A ls Husarenstück bezeichnet der Duden ein waghalsiges Unterfangen, das am Ende erfolgreich ausgeht. Es ist ein solches Husarenstück, das Friedrich Merz da in den vergangenen Wochen hingelegt hat – und kurzfristig kann er es als Erfolg verbuchen. Der Bundestag hat am Dienstag mit einer Zweidrittelmehrheit eine Grundgesetzänderung beschlossen, die ein riesiges Schuldenpaket für Investition und Verteidigung möglich macht. Und weil die Freien Wähler in Bayern beigedreht sind, wird das Ganze am Freitag wohl auch den Bundesrat passieren.
Das ist grundsätzlich richtig und gut, auch wenn es am Verfahren und den Details durchaus einiges zu kritisieren gibt. Das Land braucht angesichts von Putin und Trump, vom Krieg in der Ukraine, von Wirtschaftskrise und kaputtgesparter Infrastruktur mehr Geld für Investitionen. An Merz’ Geschick aber lag es nicht, dass das Ganze gelungen ist. Vielmehr ist der Christdemokrat, dem jede Regierungserfahrung und eine große Portion Fingerspitzengefühl fehlt, so durch das Verfahren gestolpert, dass sich die Frage aufdrängte, ob er das nötige Zeug zum Kanzler überhaupt hat.
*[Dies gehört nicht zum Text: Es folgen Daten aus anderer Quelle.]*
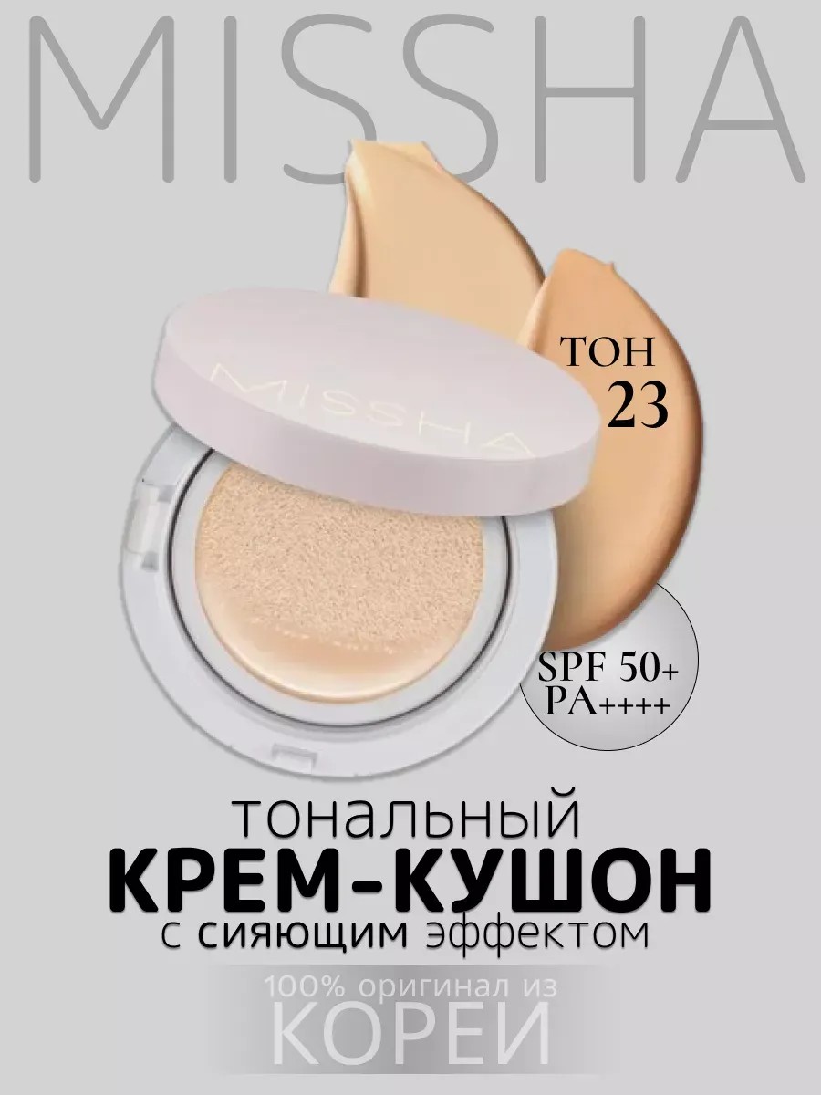 Тональный кушон MISSHA Magic Cushion Cover Lasting SPF50+/PA+++ тон 23 - замечательный продукт из Кореи, создаёт эффект увлажненного финиша с покрытием средней плотности . Этот увлажняющий солнцезащитный крем с спф 50 создан специально для Вас. Корейская косметика Missha пользуется большой популярностью благодаря натуральным ингредиентам и оригинальным решениям.Тональная основа-кушон от Missha не только маскирует недостатки, но и ухаживает за кожей, делая ее гладкой и ухоженной. Тональная основа-кушон Missha имеет широкий спектр цветов: от светлого до темного. Вы можете выбрать подходящий тон для вашей кожи - будь то светлый бежевый или натуральный белый.Ниацинамид способствует обновлению клеток кожи, а также уменьшению пигментациии следов пост-акне. Натуральные масла авокадо, оливы и подсолнечника смягчают кожу, устраняют шелушения и повышают защиту от свободных радикалов. Тональник Миша– компактное стойкое тональное средство, которое всегда с собой. Солнцезащитный тональный bbкрем отлично подходит для женщин. Сочетание SPF 50 и консилера в одном продукте обеспечивает высокую степень защиты от вредных солнечных лучей. Кушон бб-тоналка имеет в комплекте спонж, который обеспечивает равномерное нанесение. Не создаёт ощущения маски, не закупоривает поры и не забивается в складки кожи. Может использоваться в качестве консилера.Подходит для любого типа кожи, включая очень сухую кожу и чувствительную область вокруг глаз. Экстракты листьев зелёного чая, лотоса и гидролат шалфея интенсивно увлажняют кожу, делая её мягкой и ровной, разглаживая мелкие морщинки и стимулируя обновление клеток. Не сушит кожу и не подчёркивает шелушение. Пудра имеет среднюю кроющую способность и легкую текстуру, полуматовый финиш и легкое покрытие создают естественный макияж, эффективно перекрывает тёмные круги под глазами, покраснения, пигментные пятна и следы от прыщей. Убедитесь сами в высоком качестве и эффективности тональной основы-кушон Миша из Кореи - выбор профессионалов!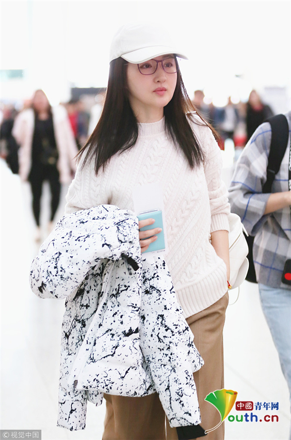 楊鈺瑩棒球帽配黑框鏡文藝十足 皮膚白皙保養(yǎng)好
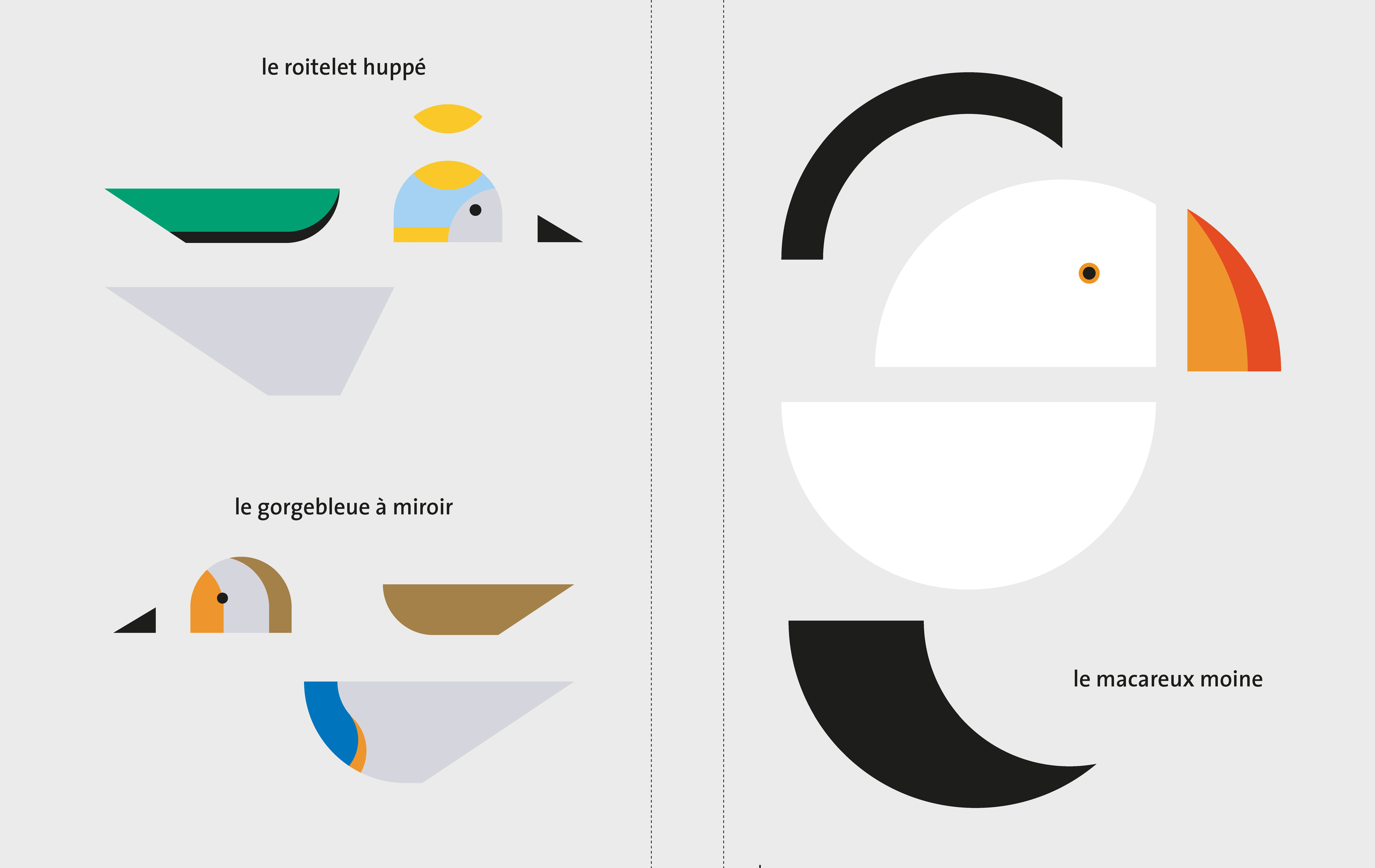 Designer et plasticien, créateur de jouets en bois, Valérian Henry s’est amusé à styliser becs, ailes et autres détails, associés à des couleurs et des motifs pour créer des volatiles graphiques et bigarrés. Composés de formes distinctives, les oiseaux s’additionnent et recomposent d’autres oiseaux aux noms de plus en plus farfelus ! Les associations sont drôles, inventives, pleines de fantaisie et peuvent se décliner à l’infini, en s’inspirant des tables d’addition des oiseaux. Enfin, à la fin du livre, c’est au petit lecteur de jouer : sur des pages détachables selon les pointillés, à lui de découper des formes simples : becs, ailes, gorges et plumes… Il ne reste plus qu’à assembler chaque oiseau puis, à les ajouter pour en former de nouveaux. Sans oublier de donner des noms à ces incroyables volatiles !

Erst hat Merz die Wähler*innen belogen. Dann hat er die Gunst der Stunde genutzt, als Trump Selenskyj im Weißen Haus demütigte. Er hat seine Absage an neue Schulden abgeräumt und damit einen Teil der eigenen Partei und seiner Wähler*innen gegen sich aufgebracht. Von den Grünen musste er sich zuletzt – ausgesprochen sinnvolle – Zugeständnisse abtrotzen lassen.
Doch jetzt hat er, was die Union der Ampelregierung verweigert hat: zig Milliarden, die dringend notwendige Handlungsspielräume eröffnen. Dass ausgerechnet die Grünen, die eine Reform der Schuldenbremse lange gefordert hatten und für ihre Vorschläge von der Union zerrissen worden sind, Merz aus der Patsche geholfen haben, das kann man fast schon als tragisch bezeichnen. In ein paar Wochen sind die Grünen in der Opposition und niemand wird sich mehr darum scheren.
Bleiben angesichts des frischen Geldes also die von Merz angekündigten Reformen – sprich Kürzungen – bei den Sozialleistungen aus? Mitnichten. Es entspricht nicht nur Merz’ Grundüberzeugung, dass der Staat hier nur das Nötigste leisten soll. Er braucht die Kürzungen auch, um die eigene Klientel zu beruhigen. Merz hat auch hier vor der Wahl einen Politikwechsel versprochen, ein weiteres Umkippen kann er sich kaum leisten. Für die Sozialdemokrat*innen werden das keine leichten Koalitionsverhandlungen. Geben sie klein bei, könnte Merz mit seinen Husarenstücken auch langfristig durchkommen.